Pinta preta

Pinta preta

Na primeira vez em que se deu conta, era uma simples mancha preta na unha, bem no meio, como uma simpática pinta. Por ter um corpo recheado de pontos escuros que, dependendo dos olhos dos admirados, ganhavam diversas formas, sentiu-se abençoado com o aparecimento de uma marca na unha do pé.

Algum tempo depois, percebeu que a manchinha não saiu do lugar, continuou no meio, não caminhou com o crescimento da unha. Ao passar a mão, sentiu que ela havia crescido um pouco. Estaria virando uma verruga? No pé? Na unha do pé?

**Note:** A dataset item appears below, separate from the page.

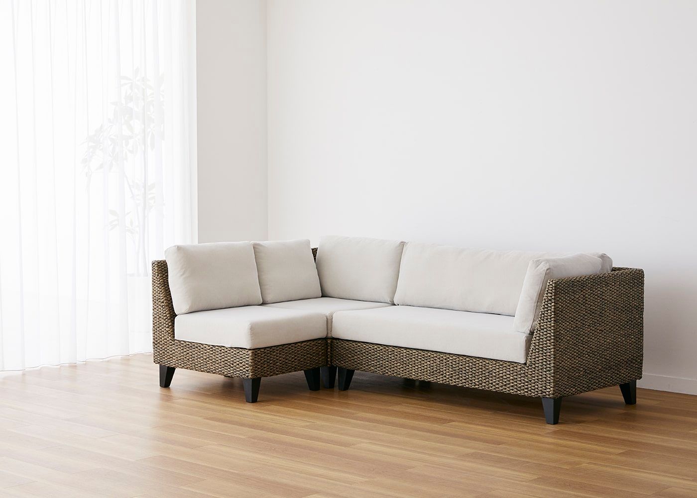 コーナーソファセット 2P左アーム+1Pベンチ:斜め前

Dias mais tarde, deu uma topada no trabalho e sentiu uma dor insuportável. Em casa, percebeu que a pinta estava mais preta e mais crescida. Naquela noite, não dormiu. Era um tumor? Era câncer. Na unha! E por ter demorado a tratar, já deveria ter chegado a algum ponto do corpo. Tossiu, sentiu dor no púbis, teve dificuldade em urinar, sentiu pressão na cabeça.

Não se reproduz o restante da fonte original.